Herb White //April 13, 2015//

Is there an inheritance in your future? So often we wait until the last minute to decide how we will handle an inheritance and then find out too late we made an unwise decision. Don’t let that happen to you. Before the inheritance arrives, ask yourself these questions:

  • How will taxes affect your inheritance?
  • What will you use the money for? Paying down personal debt, helping a family member or a charity, splurging on a cruise?
  • Do you know how these decisions will affect your current finances, plus your retirement and/or estate plans?

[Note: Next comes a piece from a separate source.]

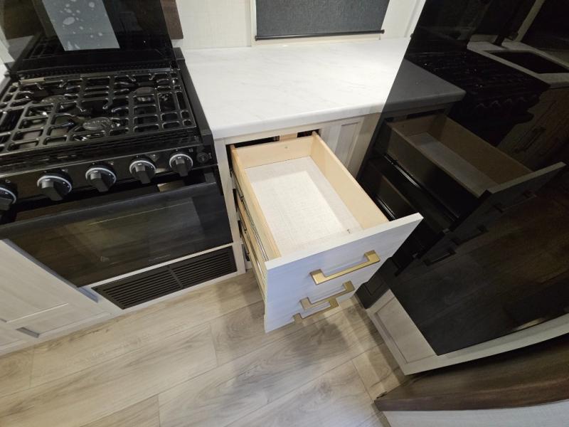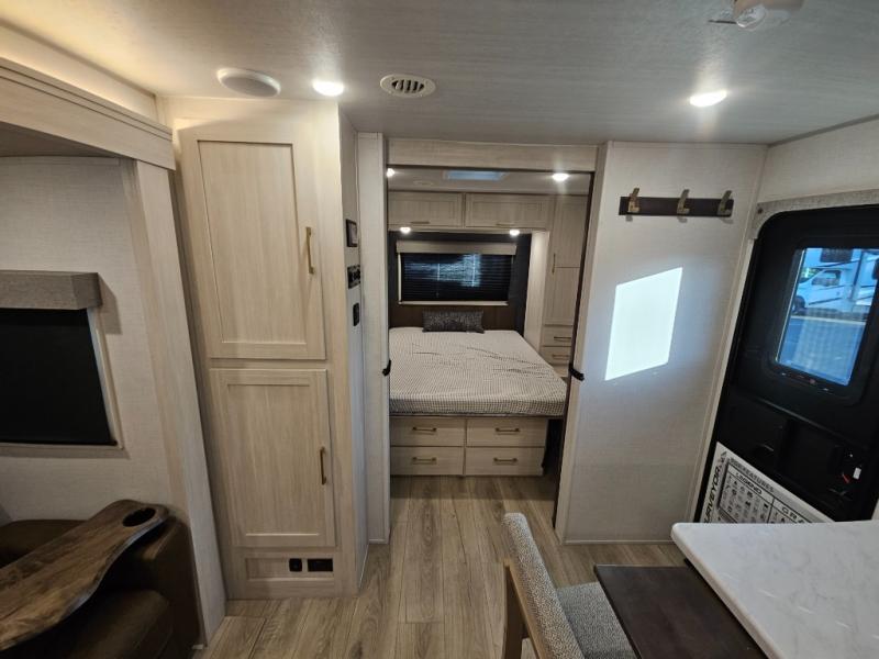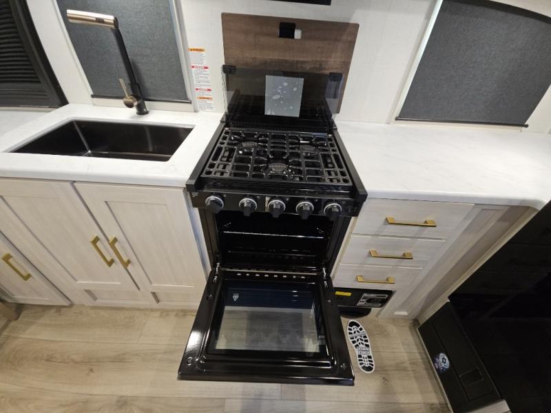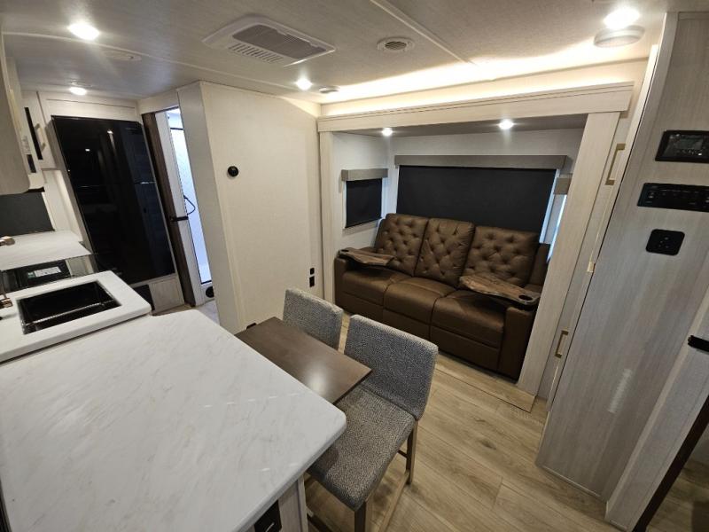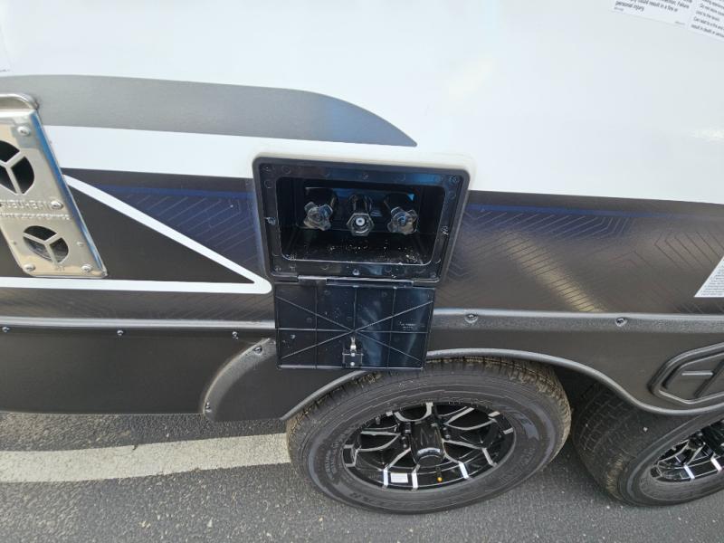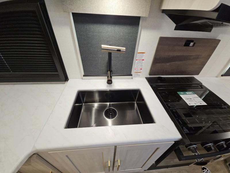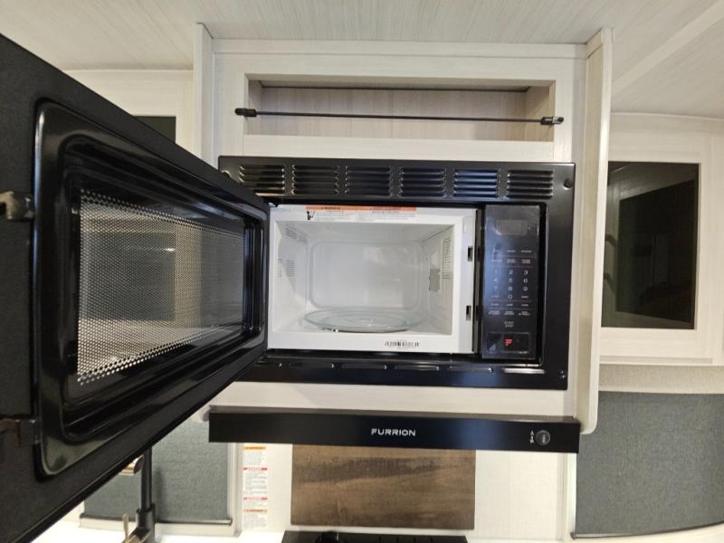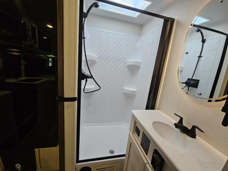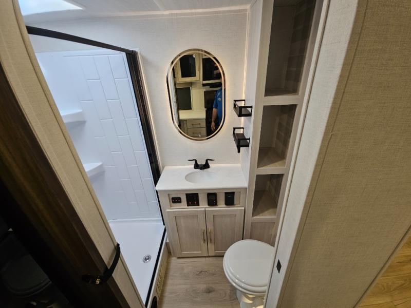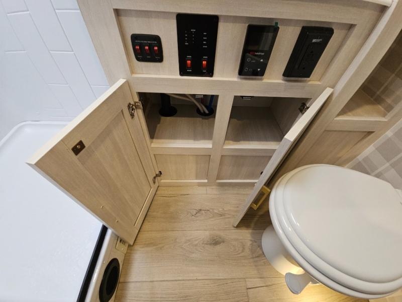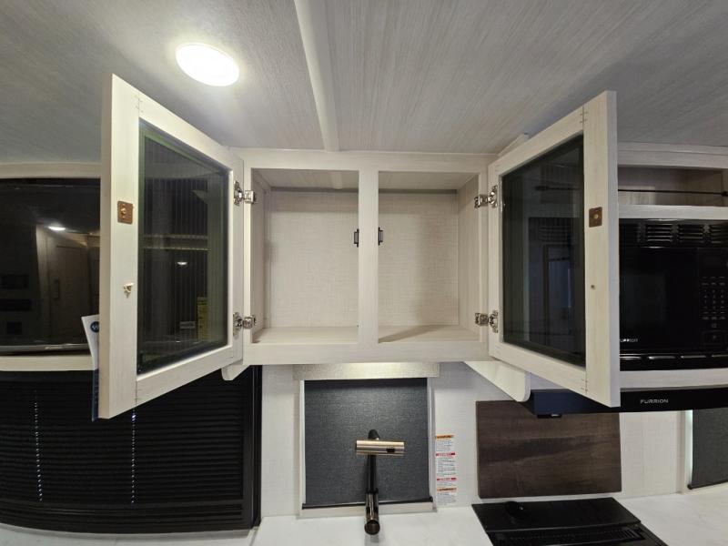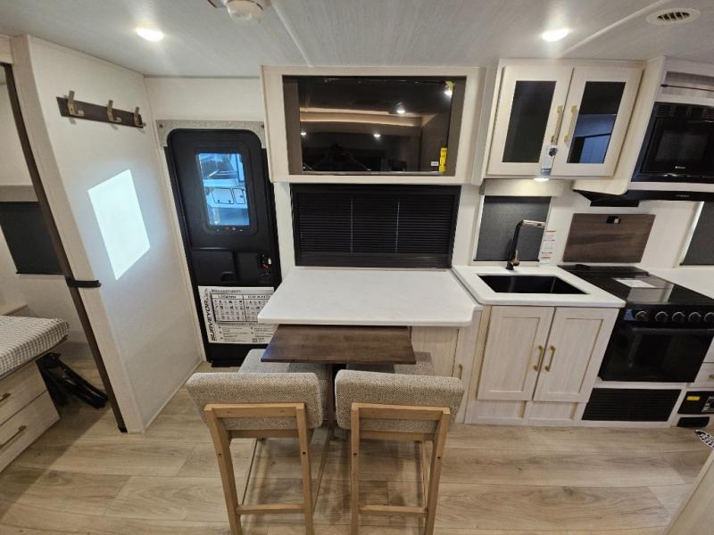Head to your local state park for fun weekends in this cute couple's trailer. You can sleep at the queen-size bed each night, and you have two wardrobes on either side for storage. The chef of your group will have their choice to cook indoors on the three burner cooktop. There is also an outdoor kitchen with a sink, a refrigerator, and a shelf to store spices. You can also find more ways to enjoy nature, and why not even have some drinks at the exterior bar. Each day you can clean up in the full bath with an upgraded slow-close shower door and a linen closet for clean towels.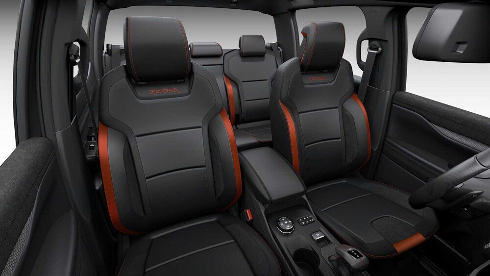 Nội thất Ford Ranger Raptor 2026 được trang bị ghế thể thao, lấy cảm hứng từ máy bay chiến đấu, chỉ khâu màu đỏ, vô lăng bọc da cao cấp, có tính năng sưởi và tích hợp lẫy chuyển số cũng như hệ thống đèn viền.

First things first, start with the taxes

You may be facing some significant federal and/or state inheritance taxes. Ask a tax or financial advisor for help with this—before receiving the money, if possible. You should be aware that life insurance proceeds are usually not taxed, nor is an inheritance from a spouse. You will, however, be facing capital gains taxes on non-retirement assets when you go to sell them. The rules are complex and they vary. Let your advisor know the details.

Distributions from an annuity, IRA or other traditional retirement account that you inherit will mean paying some taxes. Caution though: if you cash out an inherited IRA and then deposit it into your own IRA, you will owe taxes on the entire amount of the rollover. Ask your advisor how best to handle these situations.

Don’t have a plan for the money yet?

A wise way to handle your incoming inheritance is to “park” the money in an FDIC-insured money market account or use a three-month CD for now. Keep in mind that even though your inheritance is considered separate property from your spouse’s, if you deposit the money in your joint checking account, you are commingling the assets and could face loss of protection down the road if there is a divorce.

What next? Pay off the house…the credit cards…take a trip?

So often the first impulse is to rush out and pay off the mortgage on the house. That may well be a good idea, but do you have other debts that should be paid off first? These might include car loans, personal loans and credit card debt, which all have higher interest rates than your mortgage. What next? Perhaps you have always wanted to invest in the stock market and never had the opportunity until now. Or you would like to send a child to a four-year college rather than a two-year. Or take that trip.

Answer this first: how can the inheritance help with your long-term financial goals?

Be sure to keep in mind your own retirement and plans for your estate. Perhaps due to the recent economy you haven’t been able to fund your retirement savings as you had hoped.

An equally important question is: what makes most sense to you personally? You may feel that a significant charitable contribution or helping out a relative who is struggling financially will be more worthwhile than paying down your own debt. Perhaps there are ways to be able to do both. Also, would setting up a trust or foundation be a worthwhile endeavor?

Don’t forget insurance

If you inherited any real estate, jewelry or artwork, for instance, check with your insurance professional. You likely will need to change your property and casualty coverage. And don’t forget, with a sizable inheritance comes increases to your homeowners and automotive insurance liability limits. 

Last but definitely not least, be sure to set aside six months of living expenses for emergencies.